Contributions are welcome! Please:

  • Tests must pass: Run bun run test (or npm run test) and deno test --allow-read --allow-write --allow-run --allow-env --no-check tests/deno/ before submitting
  • Follow existing code style: Use ESM, async/await, JSDoc comments (if not using the generator script)
  • Document public APIs: Add comprehensive JSDoc for all exported functions and classes (if not using the generator script)
  • Security first: Consider security implications, especially for cryptographic operations
  • Consistency matters: Follow established patterns in existing wrappers (if not using the generator script)

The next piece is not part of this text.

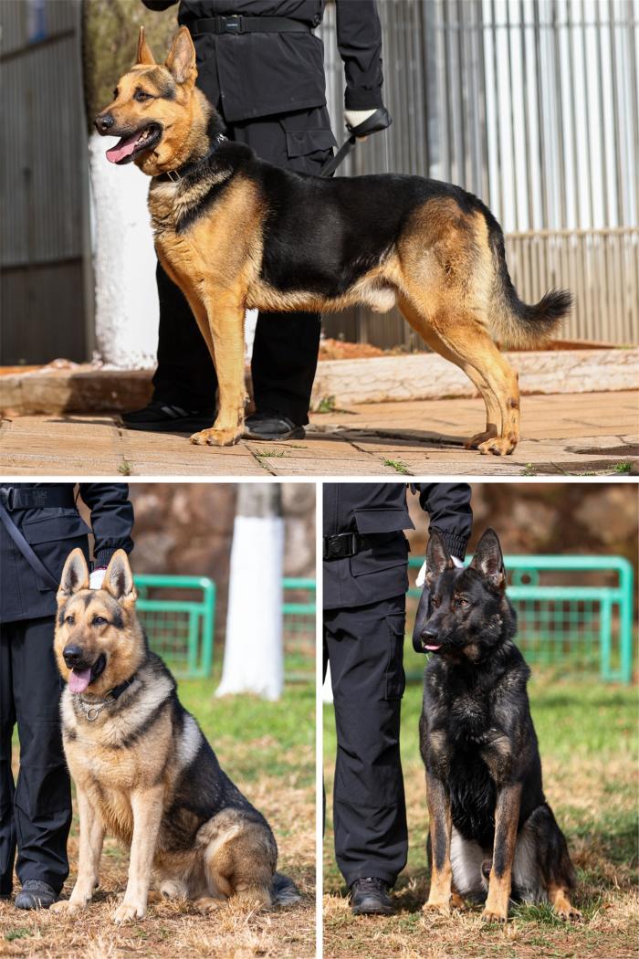 拼版照片:上图为1月5日在公安部昆明警犬基地拍摄的一只黑背品系昆明犬(新华社记者 江文耀 摄);左下图为1月5日在公安部昆明警犬基地拍摄的一只草黄品系昆明犬(新华社记者 高咏薇 摄);右下图为1月5日在公安部昆明警犬基地拍摄的一只狼青品系昆明犬(新华社记者 江文耀 摄)。
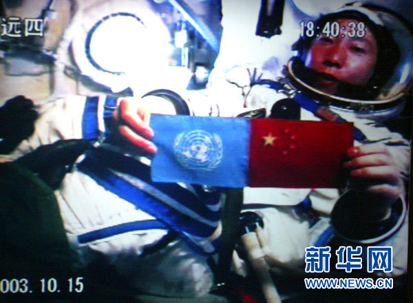 北京時間2003年10月15日18時40分,中國培養的第一位航天員楊利偉從太空向世界各國人民問好,并在艙內并列展示了五星紅旗和聯合國旗(資料照片,攝于北京航天指揮控制中心大屏幕)。新華社發

For larger changes, open an issue first to discuss the approach.

Development Workflow

  1. Fork the repository
  2. Create a feature branch
  3. Install dependencies: bun install (or npm install, pnpm install, etc.)
  4. Make your changes (add tests if applicable)
  5. Run tests: bun run test (or npm run test)
  6. Build and test locally
  7. Submit a pull request

Package Manager Notes

# Using bun (recommended/default for contributors)
bun install
bun run test
bun run build

# Using npm
npm install
npm run test
npm run build

# Using pnpm
pnpm install
pnpm runtest
pnpm run build

# Using yarn
yarn install
yarn run test
yarn run build

Contributions that add new algorithm wrappers, improve documentation, add tests, or enhance the build system are especially appreciated.

Documentation

License

MIT License - see LICENSE.md for details.

Acknowledgments

Versioning

This library's version tracks the bundled LibOQS version:

  • @openforge-sh/liboqs 0.14.0 includes LibOQS 0.14.0

Disclaimer

This library provides access to cryptographic algorithms believed to be quantum-resistant based on current research. The field of post-quantum cryptography is evolving. Algorithm support may change as research advances. Always consult with cryptographic experts for production deployments and follow NIST recommendations.

The LibOQS project states: "WE DO NOT CURRENTLY RECOMMEND RELYING ON THIS LIBRARY IN A PRODUCTION ENVIRONMENT OR TO PROTECT ANY SENSITIVE DATA." This guidance applies to this JavaScript/WebAssembly wrapper as well.